_EXERCISE PROMPT_. The reply is to be the lines from the one with "6年生は、体育の「マット運動」の学習をしています。" through the last line of the records below, each retyped exactly, with pictures left out.

_Records from a collection_.
============

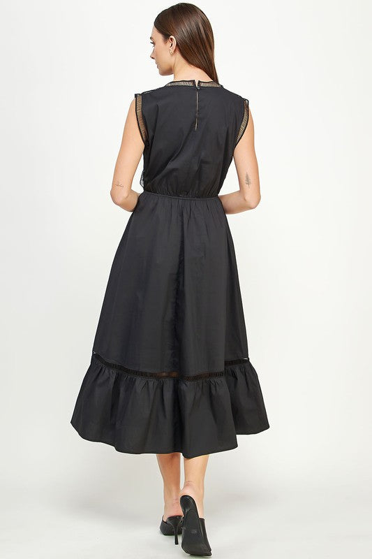 Ladder Trim Midi Sundress In Stretch Poplin Fabric. Fine Cutout Ladder Trim Adorns The Crew Neckline And Outerline Of Sleeveless Torso, And Creates A Two-Tier Skirt On This Midi Sundress- Featuring An Elastic Cinched Waist, Side Seam Pockets, And Button Back Closure.
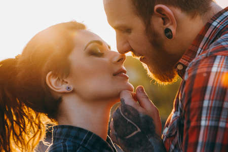 Romantic relationship. Gentle love harmony. Happy red haired hipster couple kissing on sunset.
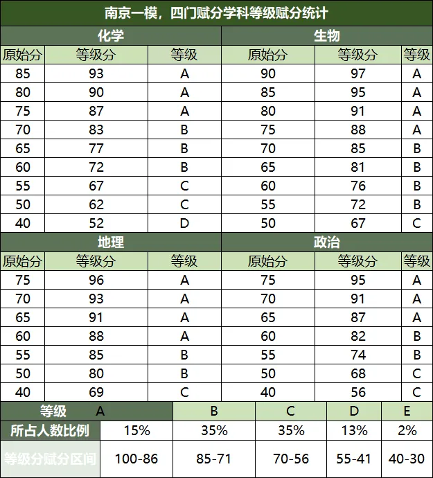 南京赋分统计
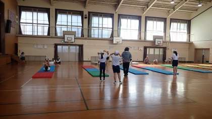 6年生は、体育の「マット運動」の学習をしています。
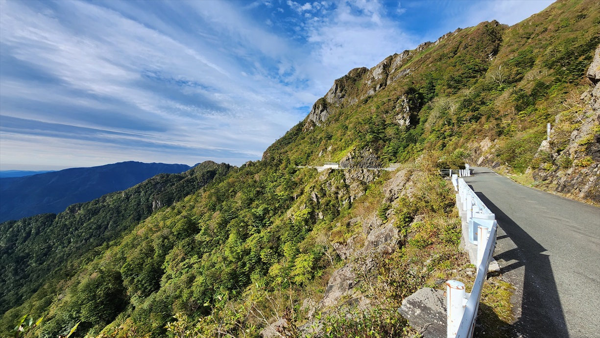 | 寒風山トンネル手前からここまでの林道も手強いクネクネ道だった (ノД`) | ||||
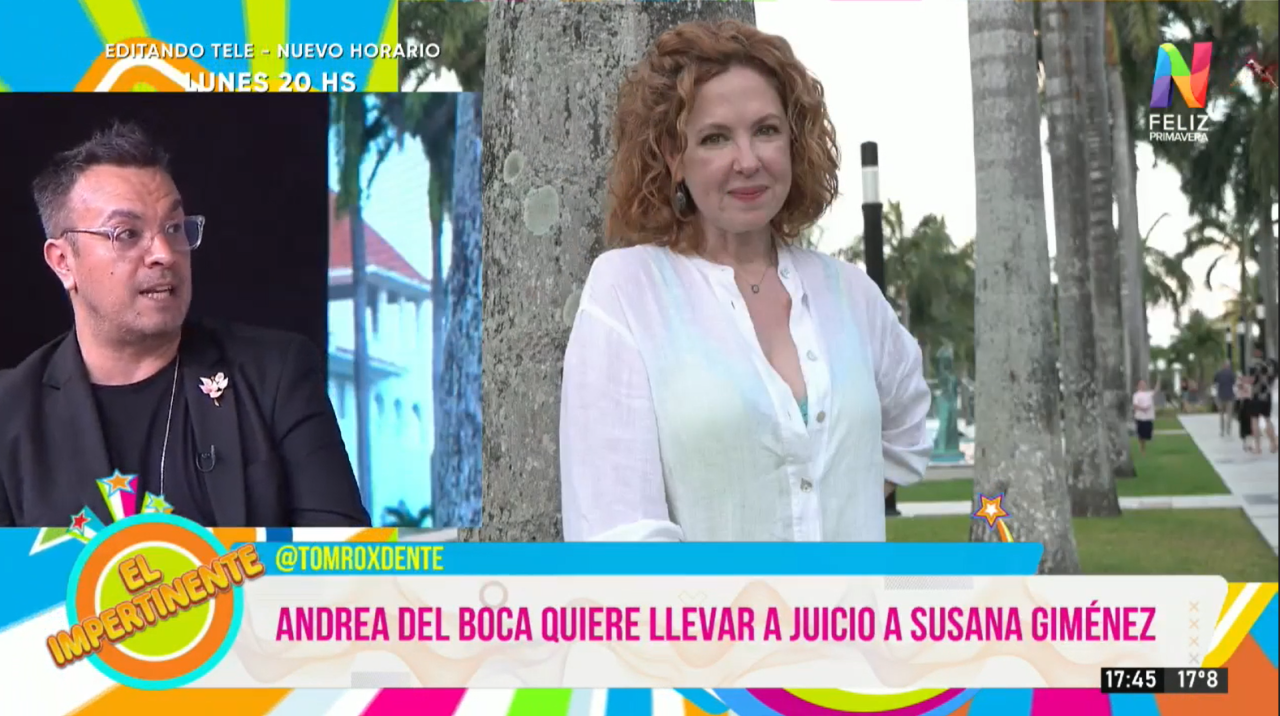 En un nuevo programa de El impertinente, Tomás Dente, Franco Casella, Andrea Bisso, Ana Laura Román y Guille Barrios dieron información acerca del juicio millonario de Ricardo Biasotti contra Andrea del Boca, Susana Giménez y Telefe por dos millones de dólares.

============

_TASK RESULT_.
 6年生は、体育の「マット運動」の学習をしています。
 | 寒風山トンネル手前からここまでの林道も手強いクネクネ道だった (ノД`) | ||||
 En un nuevo programa de El impertinente, Tomás Dente, Franco Casella, Andrea Bisso, Ana Laura Román y Guille Barrios dieron información acerca del juicio millonario de Ricardo Biasotti contra Andrea del Boca, Susana Giménez y Telefe por dos millones de dólares.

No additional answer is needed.